In 1915, University Farm students initiated an annual “Labor Day” event where they conducted volunteer work on campus improvements. They drew inspiration from UC Berkeley, which had started the event in 1897. The first Labor Day projects at Davis included the construction of athletic fields, fences, and walks. Later the event became a leap year activity, taking place on February 29.
Subsequent projects included: installation of an irrigation system for the new grass lawn on the Quad (1932); assistance with digging the hole for the swimming pool by the new gymnasium (1936), and cleaning up Putah Creek in preparation for plantings in the arboretum (1940).
The last traditional leap year Labor Day was held in 1964. Activities included the demolition of the thirty year old cashier’s building, construction of bleachers for the relocated horse arena, painting of the football bleachers and baseball dugouts, improvements of recreational areas along Putah Creek, and planting of trees in Orchard Park.
Wild West Days were originally held on the Davis campus in the fall of 1960. The event, which occurred over a weekend, wasn’t held during 1961-1962 but resumed again in the spring of 1963. According to the Centennial Record: “for the two days before the activities, western clothes are worn to classes and it is permissible for students to ride horses on campus.” The weekend activities included bronc riding, wild cow milking, calf roping, steer riding, hog calling, a greased pig scramble, and barrel racing contests. Wild West Days were held at least until 1969.
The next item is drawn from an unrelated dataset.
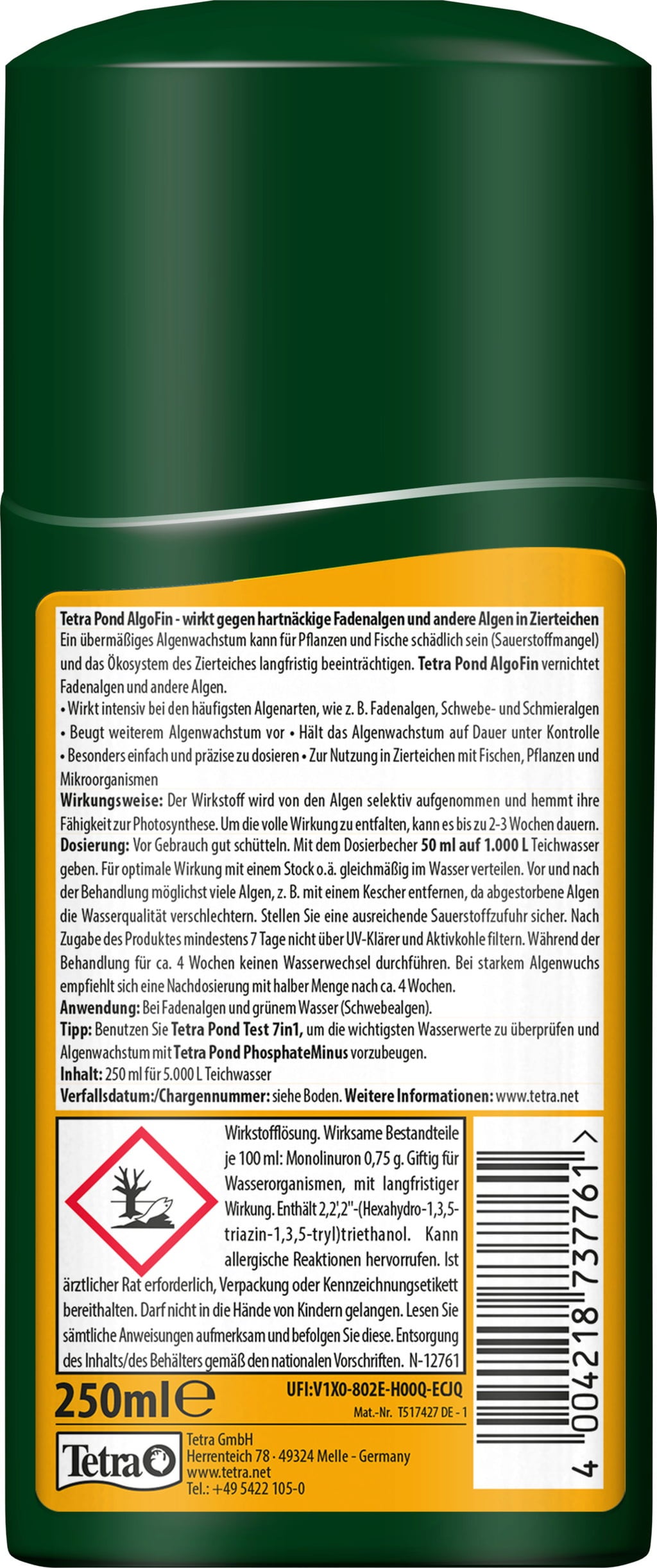 Pond AlgoFin de Tetra élimine efficacement les algues filamenteuses, en suspension et visqueuses les plus tenaces dans les bassins de jardin. AlgoFin agit directement sur l’organisme et le métabolisme des algues, inhibant leur capacité de photosynthèse.

The Little International Livestock Show or “Little I” was started in 1937 by the Golden Hoof Club to provide competition in grooming and showmanship for students working with animals from the University herds.
At some point, ASUCD assumed sponsorship of the event which was then advertised as an event designed for students, experienced or not, who were interested in showing animals. ASUCD awarded trophies and ribbons to the winners.
“Little I” is still held on campus and is now sponsored by the UCD Young Cattleman’s Association.
Spring Sing was a popular campus event that involved all campus living groups taking part in competitive singing.
The Picnic Day tradition started on May 22, 1909 with a “Dedication Basket Picnic,” said to have been suggested by Mrs. Carolee Shields, to honor the opening of North Hall, the first dormitory on the campus of the University Farm (now the University of California, Davis).
Picnic Day has since become the annual open house for the campus and has grown into one of the largest student-run events in the U.S.
From 1948 until the early 1990s, Picnic Day festivities included an Aquacade. The Aquacade featured synchronized swimming, live music, and a poolside variety show.
The first Whole Earth Festival took place March 17-21, 1970. The idea behind the festival was brought to the Davis campus during the winter vacation break of 1969. A member of the ASUCD Experimental College attended a San Francisco lecture by Swami Satchidananda where the spiritual leader’s close friend, John McConnell, described the concept of an Earth Day.
UCD art historian Jose Arguelles seized upon the idea and 400 of his Art 147 and Art 138B classes took on planning of a Whole Earth Week as a final examination.